The tetracarboxylic diester used in [II] above can be obtained by ring-opening a tetracarboxylic dianhydride with an alcohol or the like. The tetracarboxylic acid diester dihalide used in the above [III] can be obtained by reacting the tetracarboxylic acid diester obtained as described above with a suitable chlorinating agent such as thionyl chloride. When the polyamic acid ester is obtained as a solution by the above reaction, the solution may be directly subjected to the preparation of the liquid crystal aligning agent, and the polyamic acid ester contained in the reaction solution is isolated and used for the preparation of the liquid crystal aligning agent. may be provided.

A more preferable method of [I] above is a method of adding an esterifying agent to a solution of polyamic acid and stirring to obtain a polyamic acid ester. As the solvent used in this reaction, the same organic solvents as exemplified as those used in the production of the polyamic acid can be mentioned. The reaction is carried out in an organic solvent at a reaction temperature of preferably 0-100° C., more preferably 0-50° C., for 0.5-48 hours. Moreover, an esterification agent may be added at the time of preparation of the liquid crystal aligning agent mentioned later, and may form polyamic acid ester.
In the above method [I], the esterification rate can be arbitrarily adjusted by changing the addition amount of the esterifying agent used. The "esterification rate" referred to here is, for example, in the case of the polyamic acid ester (A), based on all the amic acid structures of the polyamic acid before being esterified, esterified to an amic acid ester structure. It is the ratio expressed in %. The esterification rate can be estimated from the amount of change in the peak intensity of the carboxy group using ¹ H-NMR. The esterification rate of the polyamic acid ester (A) used in the present invention is preferably 5 to 100%, more preferably 25 to 100%, still more preferably 25 to 65%.

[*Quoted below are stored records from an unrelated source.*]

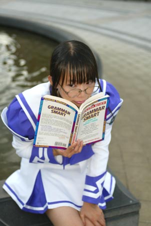 |  | ロケでsivaさんに撮って頂いた写真です。優等生は 勉強が命ですね(笑)。ちなみにこの本は中学の時 の教科書ですが、あまり使ってないようなピカピカで す。そう、あまり勉強してなかったので(笑)。 2002年8月17日横浜 |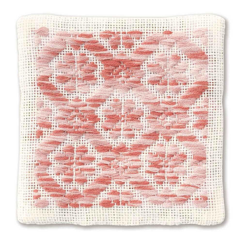 材料と作り方説明書が揃っているキットなら、横に一段づつ刺し進んで創られる美しい幾何学模様のこぎん刺しが直ぐに楽しめます。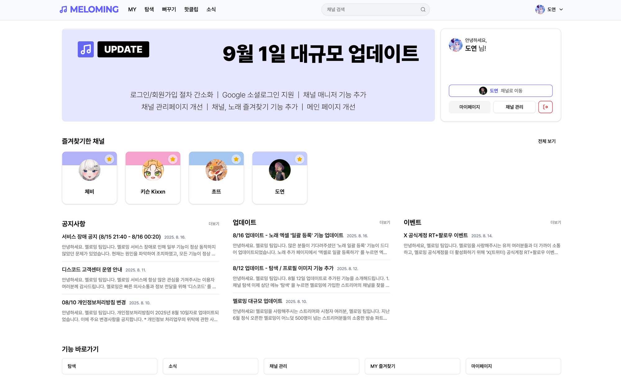 로그인 후 방문할 수 있는 '메인 페이지'가 개편되었습니다. 이제 서비스에 대한 안내사항부터, 즐겨찾기한 채널, 마이페이지, 채널 관리 등 기능으로 쉽게 접속할 수 있습니다.
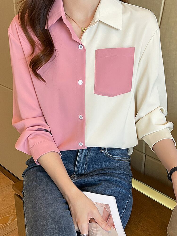 [EWQ] パッチワーク コントラスト シャツ レディース 長袖 シングルブレスト ポケット スプライシング ビッグサイズ 秋 トップス ロング オータム 秋物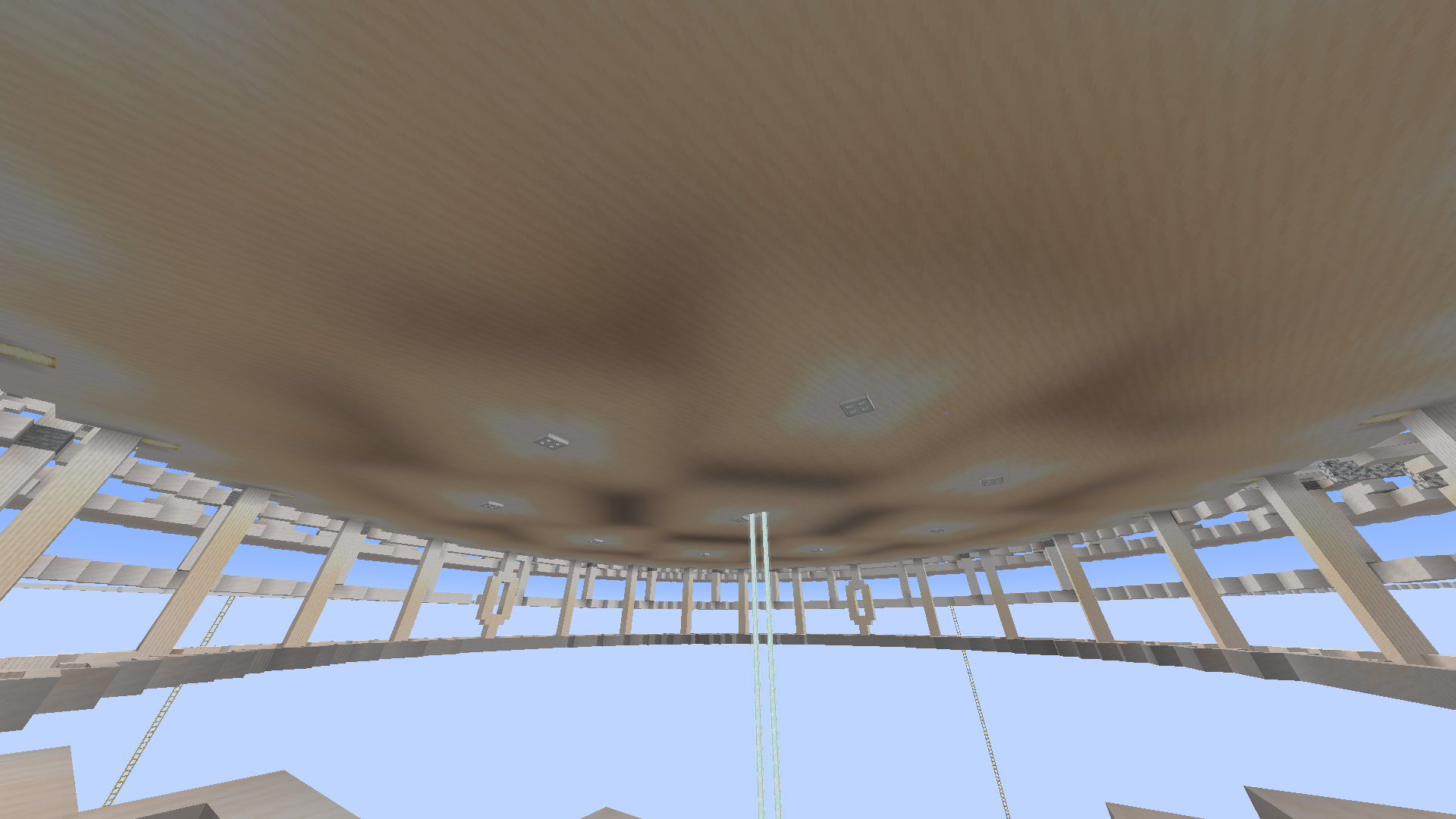 Similarly, put light sources under a white surface to recreate the first image (There are lanterns above the trapdoors). This yellow pattern persists during the entire day until the evening.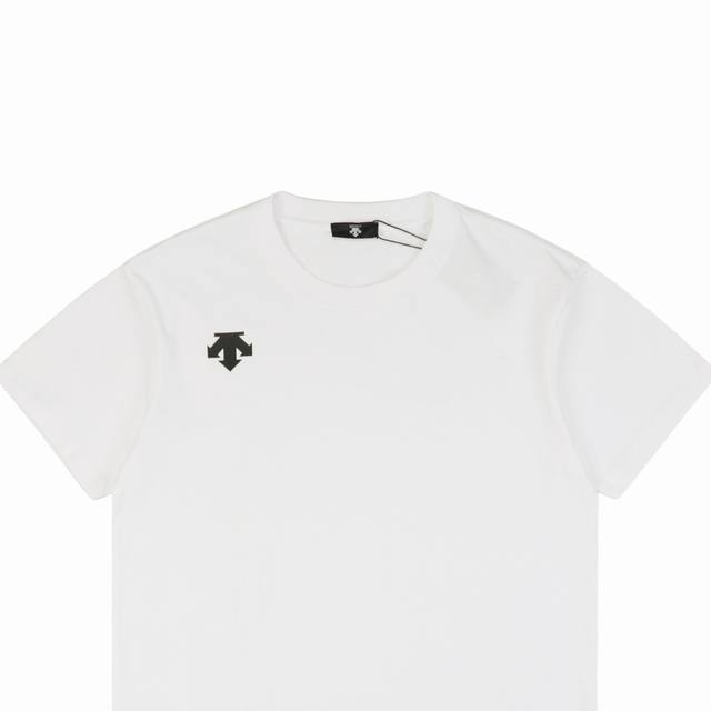 Short sleeves with slogans and multiple logos printed on the back The fabric is

The amount of the esterifying agent added in the method [I] is 0.01 to 50 molar equivalents, more preferably 0.1 to 20 molar equivalents, relative to 1 molar equivalent of the structural unit of the amic acid contained in the polyamic acid. , more preferably 1 to 10 molar equivalents.
Examples of the esterifying agent include t-

butyl

2,2,2-trichloroacetimidate, Ot-butyl-N,N'-diisopropyl isopropyl, and t-butyl-N,N'-diisopropyl isopropyl. Urea, N,N-dimethylformamide di-t-butyl acetal can be mentioned.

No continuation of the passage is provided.